This is a description of how a warped doctrine of holiness left the sheep battered, bruised and cowering in fear. While we prided ourselves on not being outwardly legalistic, traditional or religious this 'inward' legalism served to keep us firmly in our place and the pastor very much in control.

For many years, our church taught and practised grace; the grace that accepts us as we are and provides what is needed for our growth. Eventually such teaching became twisted into this performance orientated, shaming message.

A Twisted Concept of Holiness

Holiness is never defined, but is presented as something unattainable and we are berated for not achieving it.

Our present emphasis on 'holiness' has not made us any more holy. Instead it has bred fear, exhaustion and mistrust, the opposite of how we were described as a church years ago. Gracious love and honour for one another has been replaced by bullying, contempt and motivation through shame. Newcomers are made to feel guilty if they do not conform to the worship expectation demanded of them. The majority of the church do not take part in the worship but, by the nature of it, are excluded. They have no option but to stand at a distance and wait till a select few have finished their private, loud devotion. Narrow (and often unjustified) interpretations of Scripture are used to enforce a stifling concept of what it means to worship God.

There is a ‘one size fits all’ expectation for how we are supposed to behave in meetings and those with more introvert personalities are unjustly accused when they cannot conform to extrovert expressions of worship. They are bullied into changing when they cannot. This is often done using the Scriptures which, incorrectly interpreted, imply we are all gifted to do everything, so there is no excuse for failure.

Members are tarred with same brush so that sins which may affect one person deeply are assumed to apply in equal measure to all. This leads to false accusations and misjudgements.
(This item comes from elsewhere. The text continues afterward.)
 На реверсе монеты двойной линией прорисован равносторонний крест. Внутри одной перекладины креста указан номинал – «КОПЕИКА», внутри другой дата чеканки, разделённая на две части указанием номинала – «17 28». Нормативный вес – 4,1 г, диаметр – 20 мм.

We are exhorted to focus on our sins and to ask God to rip them out of us. We are not taught how to make positive progress and to let the life of Christ in us bear fruit. Confession of sin is coerced. While there is pressure to identify and specify personal sins, the pastor's contribution remains vague, albeit impressive in its rhetoric. There is no emphasis that God has reconciled us to Himself utterly and eternally through the Blood of Jesus and that He treats us accordingly.

We are chastised for our unbelief rather than encouraged in our weakness. The emphasis on this twisted view of holiness breeds a mentality that is neither sound nor sober. Just as we can think too highly of ourselves, we can also think too lowly, attributing sins to ourselves that are not on God’s mind. Hence we are always in deliberate rebellious unbelief, rather than in our weakness, struggling with our doubts.
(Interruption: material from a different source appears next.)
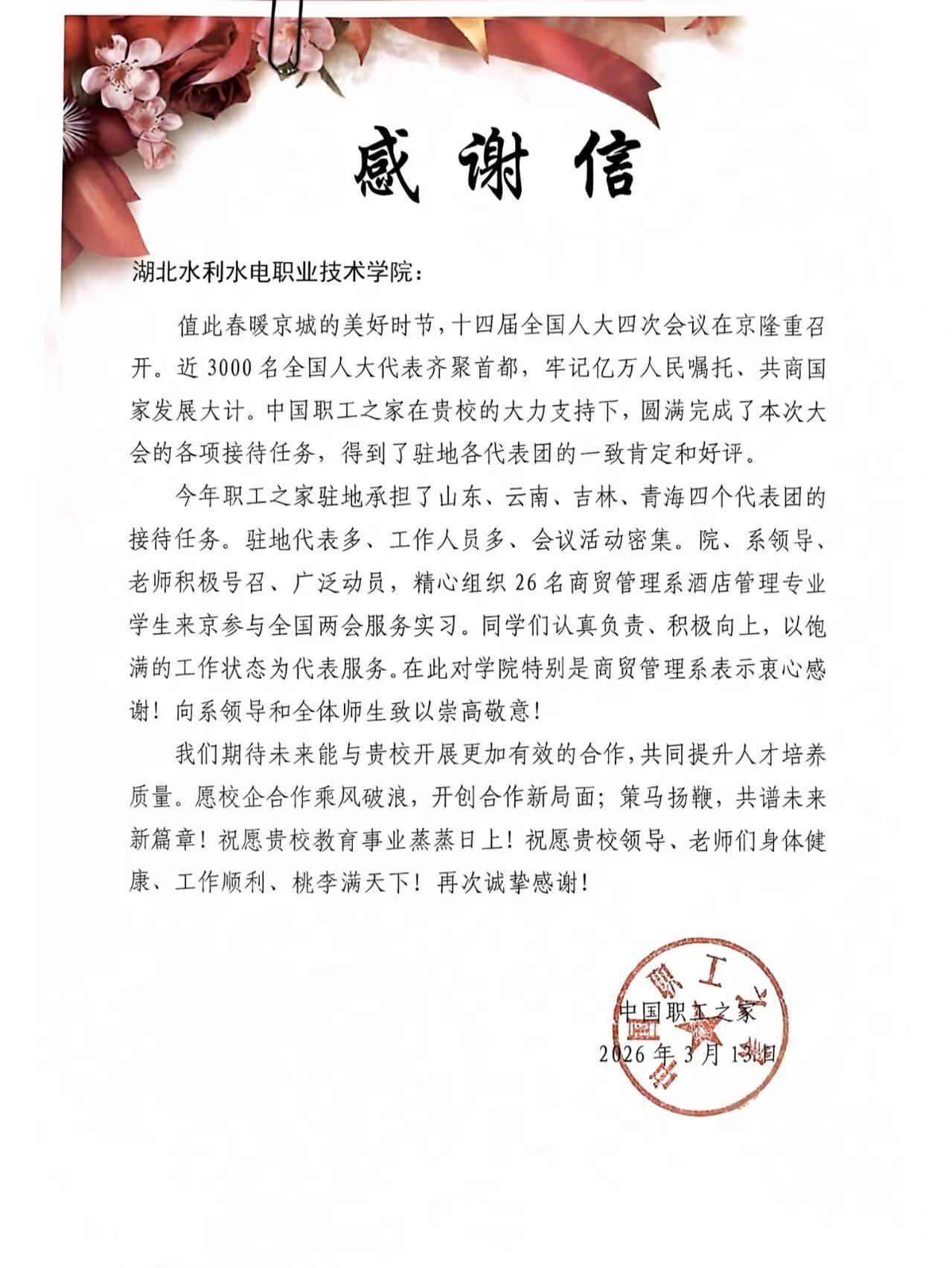 中国职工之家在感谢信中提及,学院及商贸管理系积极动员、精心组织,为两会服务工作提供了坚实保障。同时期待未来进一步深化校企合作,携手提升人才培养质量。

The knowledge that we have God’s ability to help us, rather than being an encouragement, becomes a whip with which to beat us in our never-ending self improvement campaign. Preaching that we have this ability, but we are not using it, makes us doubly guilty and condemned.

Condemnations are made against other churches and public figures who are known to us only through the media. Other local pastors are spoken of with a sense of disdain.There is a sense of spiritual superiority over other denominations and groups of believers. They are dismissed as being religious, while we are made to conform to our own unique brand of stifling traditions. It is difficult to see what good fruit comes from the rituals we have established.
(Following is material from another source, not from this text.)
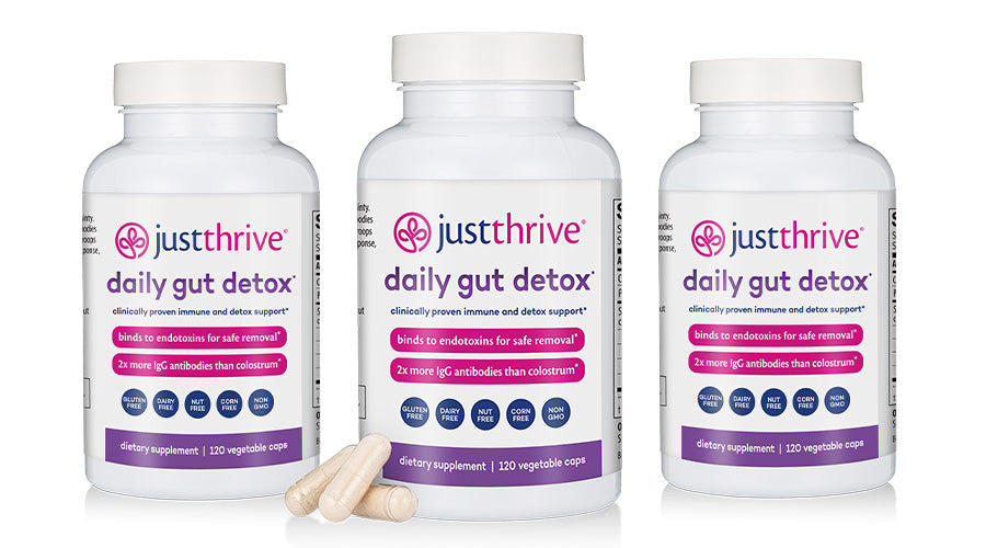 For die-off: Starting Just Thrive Probiotic and want to address any potential die-off symptoms? Take 4 caps at the same time as the Probiotic. Daily Gut Detox can neutralize toxins and mop up their toxic residue, helping you feel your best.

There is much talk of brothers deceiving the leadership, of criticism, gossip, manipulation of the meeting and rebellion. Together with reference to Jesus/Peter and Miriam this comes across as deep paranoia. Members are forbidden to express concerns to one another for fear of accusations of rebellion and are trapped into obedience to the excessive dictates of the leadership.

There is a misrepresentation that God will only bless us when we achieve holiness and that he will not ‘put up with our nonsense’ Indeed this phrase is never explained and leads to a fear which God does not impose. The gifts and blessings of God--all of them--are through his Grace, not our own merit and they are accessed by faith alone, which is itself a gift of God. It is demanded that we confess sins which are already forgiven. Faith in the Grace of God is replaced by begging and pleading for the Judge to have mercy. It is as if we had been summoned in to the court of a monstrous tyrant.

Old Testament concepts of God’s relationship with us replace New Testament perspectives. Scriptures which illustrate God’s anger with his old testament servants are used to whip his New Covenant 'sons'.

The suffering of Jesus is used, not to instil a sense of thanksgiving for God’s generosity despite us, but rather to generate fear and to shame us into doing better.